Gold prices remained relatively stable on Friday, but for the month of June, they suffered significant losses due to robust U.S. economic data fueling risk appetite and concerns about potential interest rate hikes by the Federal Reserve.
Over the course of this week, the precious metal experienced a decline to three-month lows, mainly influenced by hawkish statements from Fed officials, with Chair Jerome Powell reiterating the possibility of at least two rate increases this year.
Furthermore, an unexpected upward revision in U.S. gross domestic product data showcased the country’s economic resilience, weakening gold’s appeal as a safe-haven asset. Investors also became increasingly concerned that the Fed may have ample room to continue raising interest rates, which further dampened gold’s outlook.
At the end of trading on Friday, spot gold was nearly unchanged at $1,908.01 per ounce, while gold futures dropped marginally by 0.1% to $1,915.95 per ounce by 21:59 ET (01:59 GMT). However, both spot and futures contracts experienced a decline of 2.7% and 3.3%, respectively, throughout the month of June.
Gold’s current focus lies on a potential break below the crucial support level of $1,900. Such an event could trigger technical selling, as spot gold approached the $1,891 level on Thursday before recovering slightly, but still hovering close to the $1,800s. Similarly, gold futures narrowly escaped a drop below $1,900 on Thursday.

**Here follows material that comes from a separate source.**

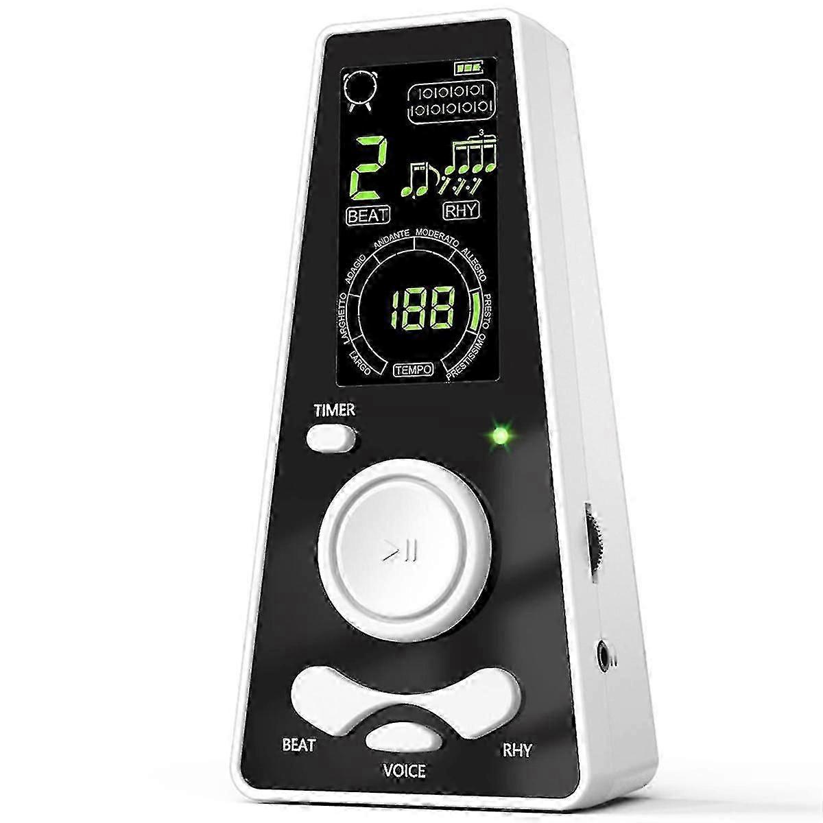 A popular choice among musicians, this metronome has a pyramid shape and features an advanced digital chip for soft vocal counting and accurate . It's also and can be powered by Type-C or 3 AAA batteries. With the digital LCD display and knobs, you can quickly adjust tempo while playing the instrument easily, which is more convenient and reliable than a mechanical metronome. You can control the volume of your with the volume control, or use the 1/8inch (3.5mm) audio stereo output to practice quietly without disturbing others. Built-in vocals and electronic sounds, covering a wide rhythm range from 40 to 208 /minute, multiple (0, 1, 2, 3, 4, 5, 6, 7, 8, 9) 9 different rhythm modes available Helps you develop a sense of rhythm in any music genre. This metronome is suitable for a of instruments such as classical, chromatic, electric guitar, bass, violin, ukulele, piano, drums, etc. It's perfect for players of all ages, a great practice tool for both beginners and experienced musicians, and makes a great birthdays, Christmas, Thanksgiving, and more. Colour:White Material:plastic Package Contents: 1 x Digital Metronome Only the above package content, other products are not included. Note: Light reflection and different displays may cause the color of the item in the picture a little different from the real thing. The measurement allowed error is +/- 1-3cm.
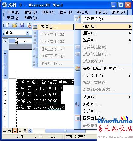 在Word2003中進行Word表格制作時,如果事先不清楚表格的行數和列數,可以采取先輸入表格內容再插入表格的方式進行Word表格制作,操作步驟如下所述:第1步,打開Word2003窗口,輸入Word表格內容,分別以“空格”符代表“列”,以“回車”符代表“行”,如圖2008071104所示。word圖2008071104 輸入表格內容第2步,選中輸入的表格內容,在菜單欄依次單擊“表格”→“插入”→“表格”菜單命令,如圖2008071105所示。圖2008071105 執行插入表格命令 上一頁12 下一頁 閱讀全文

The strength of the U.S. dollar, which reached a two-week high following positive GDP data and Powell’s comments, added further pressure on gold prices. The prospect of rising interest rates negatively impacts gold’s attractiveness as it increases the opportunity cost of holding the precious metal compared to the dollar and government debt. This sentiment had already affected gold throughout 2022 and continued to weigh on the metal in 2023.
Apart from the Federal Reserve’s stance, hawkish signals from the European Central Bank and the Bank of England also contributed to the downward pressure on gold this week, particularly due to persistent inflation in both regions.

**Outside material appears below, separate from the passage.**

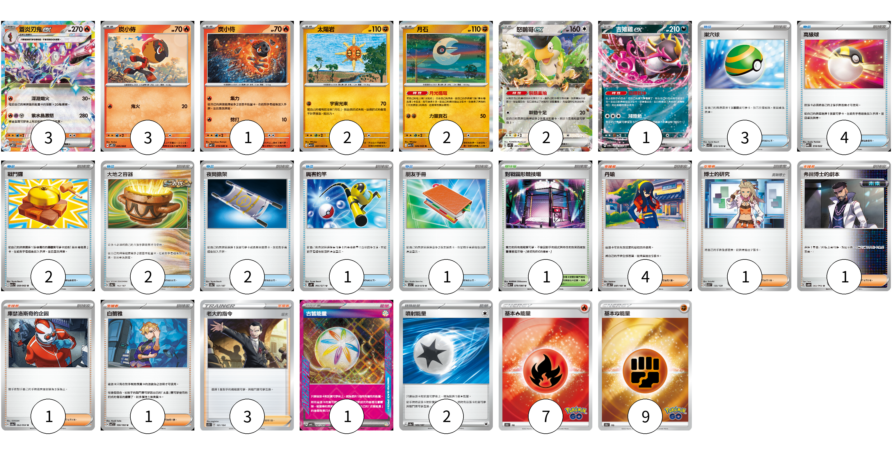 牌組構築方案 以此牌組為基礎新構築牌組 顯示卡面 顯示列表 寶可夢卡(14) 3 3 1 2 2 2 1 物品卡(15) 3 4 2 2 2 1 1 支援者卡(11) 4 1 1 1 1 3 競技場卡(1) 1 能量卡(19) 1 2 7 9 寶可夢卡(14) 卡牌名稱 張數 卡牌名稱 張數 蒼炎刃鬼ex SVPS 006/008 03 炭小侍 SVPS 005/008 03 炭小侍 M2 019/080 01 太陽岩 M1L 027/063 02 月石 M1L 026/063 02 怒鸚哥ex SV2P 065/071 02 吉雉雞ex SV6a 038/064 01 物品卡(15) 卡牌名稱 張數 卡牌名稱 張數 巢穴球 SV1S 070/078 03 高級球 MBD 014/022 04 戰鬥鑼 M1L 059/063 02 大地之容器 SV8a 143/187 02 夜間擔架 SV8a 151/187 02 厲害釣竿 SV2P 066/071 01 朋友手冊 SV1S 069/078 01 支援者卡(11) 卡牌名稱 張數 卡牌名稱 張數 丹瑜 SV6 097/101 04 博士的研究(奧琳博士) SVD 135/139 01 弗圖博士的劇本 SV4M 065/066 01 庫瑟洛斯奇的企圖 SV6a 062/064 01 白蕾雅 SV7 100/102 01 老大的指令(坂木) SC1D 161/164 03 競技場卡(1) 卡牌名稱 張數 卡牌名稱 張數 對戰圓形競技場 M2 079/080 01 能量卡(19) 卡牌名稱 張數 卡牌名稱 張數 古舊能量 SV6 101/101 01 噴射能量 SV8a 185/187 02 基本火能量 S10b FIR 07 基本鬥能量 S10b FIG 09 以此牌組為基礎新構築牌組 牌組編碼 EuGAuJ-jbZAzb-OOkBng copy 列印牌組單 牌組編碼已複製 分享至SNS

In contrast, copper prices managed to rise on Friday, despite indications of economic challenges in China, the world’s largest copper importer.
Copper futures increased by 0.4% to reach $3.7127 per pound, despite a 2.7% loss for the week. However, for the month of June, futures experienced a gain of nearly 2%, recovering from the six-month lows seen in May.
China’s manufacturing sector showed signs of contraction through June, and growth in the services sector slowed, indicating an economic rebound in the country remained elusive.
While the weak economic indicators in China might imply softer copper demand, they could also prompt Beijing to introduce further stimulus measures to bolster economic growth.